Segment Open

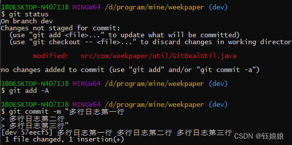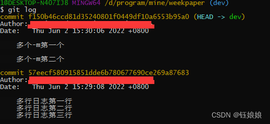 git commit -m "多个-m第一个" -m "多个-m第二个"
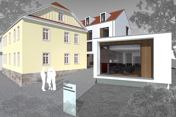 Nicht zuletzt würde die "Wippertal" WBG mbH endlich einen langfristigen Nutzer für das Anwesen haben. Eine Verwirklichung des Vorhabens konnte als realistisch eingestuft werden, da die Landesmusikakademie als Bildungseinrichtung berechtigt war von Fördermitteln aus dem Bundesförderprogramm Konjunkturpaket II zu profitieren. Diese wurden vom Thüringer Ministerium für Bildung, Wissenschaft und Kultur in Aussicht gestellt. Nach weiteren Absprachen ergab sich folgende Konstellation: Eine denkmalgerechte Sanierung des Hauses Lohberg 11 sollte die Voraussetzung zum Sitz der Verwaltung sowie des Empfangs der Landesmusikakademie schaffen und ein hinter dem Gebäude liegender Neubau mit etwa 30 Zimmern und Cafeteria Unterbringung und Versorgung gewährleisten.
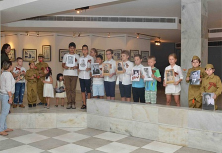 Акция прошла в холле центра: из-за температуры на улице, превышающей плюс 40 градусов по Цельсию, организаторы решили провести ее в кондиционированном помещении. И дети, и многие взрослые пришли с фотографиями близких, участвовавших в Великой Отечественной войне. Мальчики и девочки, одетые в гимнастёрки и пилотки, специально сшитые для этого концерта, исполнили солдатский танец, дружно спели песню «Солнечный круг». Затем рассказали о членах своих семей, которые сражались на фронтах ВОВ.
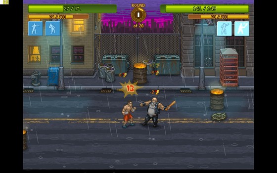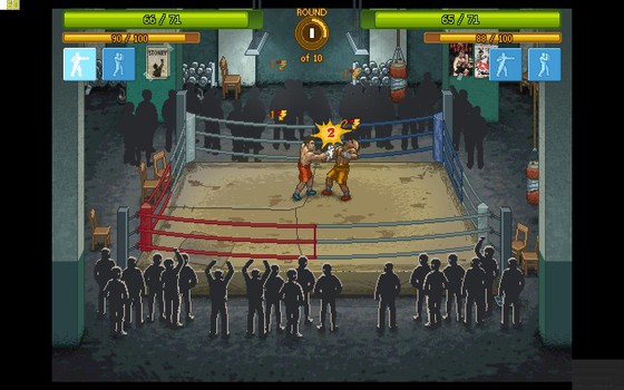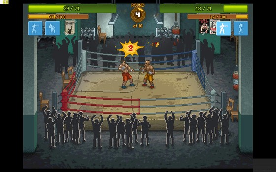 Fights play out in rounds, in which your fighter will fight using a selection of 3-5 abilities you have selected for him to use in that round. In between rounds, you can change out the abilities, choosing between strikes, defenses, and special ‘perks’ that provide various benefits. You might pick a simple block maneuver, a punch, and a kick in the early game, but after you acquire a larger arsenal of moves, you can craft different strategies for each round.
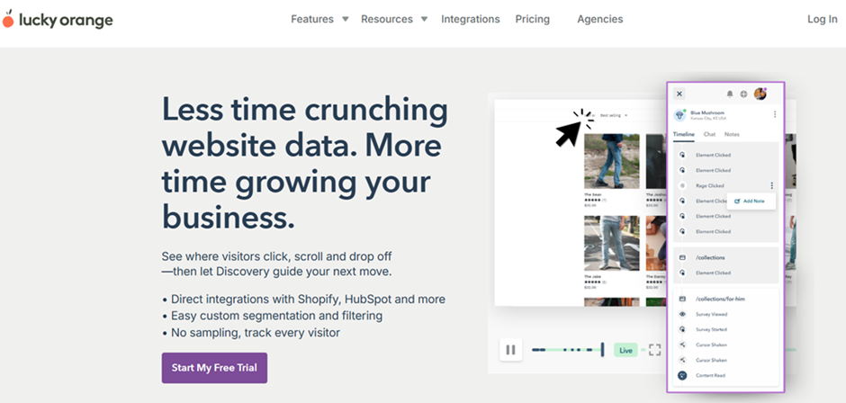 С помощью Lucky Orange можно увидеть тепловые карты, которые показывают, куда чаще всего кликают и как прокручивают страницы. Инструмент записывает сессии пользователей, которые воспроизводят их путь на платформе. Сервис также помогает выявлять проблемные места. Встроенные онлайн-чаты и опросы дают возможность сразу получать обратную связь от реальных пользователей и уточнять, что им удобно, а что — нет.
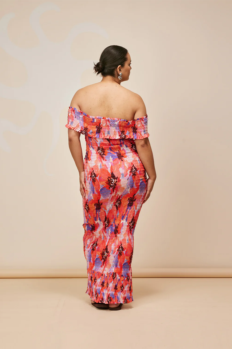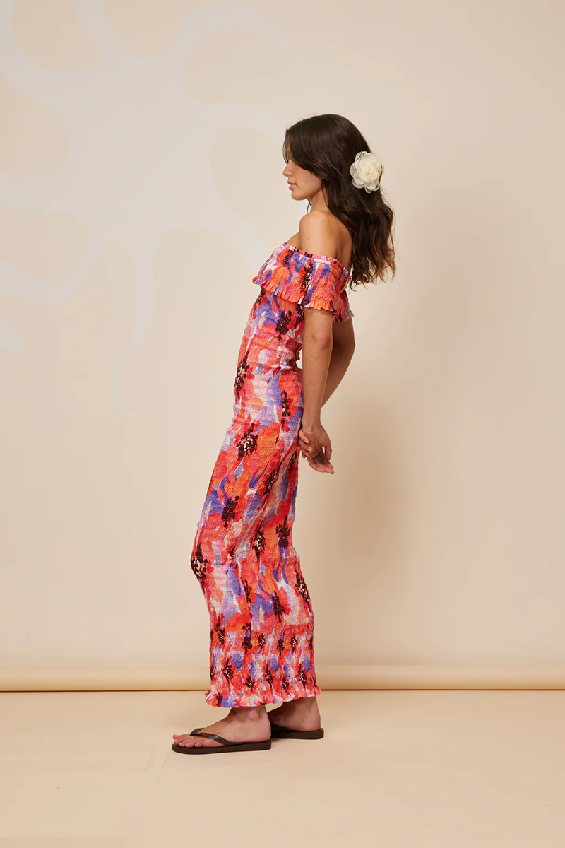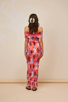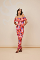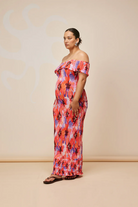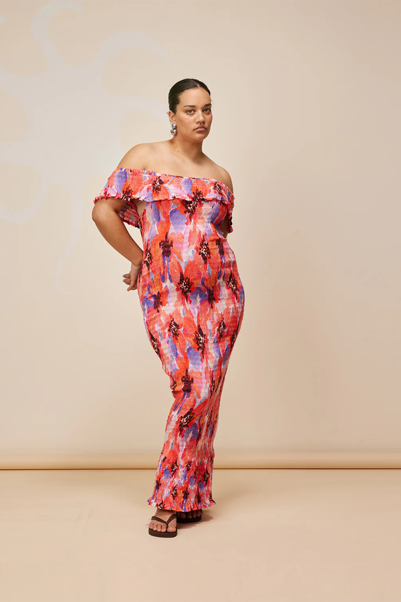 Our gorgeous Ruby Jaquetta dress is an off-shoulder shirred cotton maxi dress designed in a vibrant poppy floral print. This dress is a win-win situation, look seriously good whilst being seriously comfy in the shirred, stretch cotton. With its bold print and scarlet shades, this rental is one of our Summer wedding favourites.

Segment Closed

» WHAT YOU WILL DO: Ignoring the pictures, write out word for word the lines from the line containing "С помощью Lucky" through the end of the material above.

» ANSWER:
 С помощью Lucky Orange можно увидеть тепловые карты, которые показывают, куда чаще всего кликают и как прокручивают страницы. Инструмент записывает сессии пользователей, которые воспроизводят их путь на платформе. Сервис также помогает выявлять проблемные места. Встроенные онлайн-чаты и опросы дают возможность сразу получать обратную связь от реальных пользователей и уточнять, что им удобно, а что — нет.
 Our gorgeous Ruby Jaquetta dress is an off-shoulder shirred cotton maxi dress designed in a vibrant poppy floral print. This dress is a win-win situation, look seriously good whilst being seriously comfy in the shirred, stretch cotton. With its bold print and scarlet shades, this rental is one of our Summer wedding favourites.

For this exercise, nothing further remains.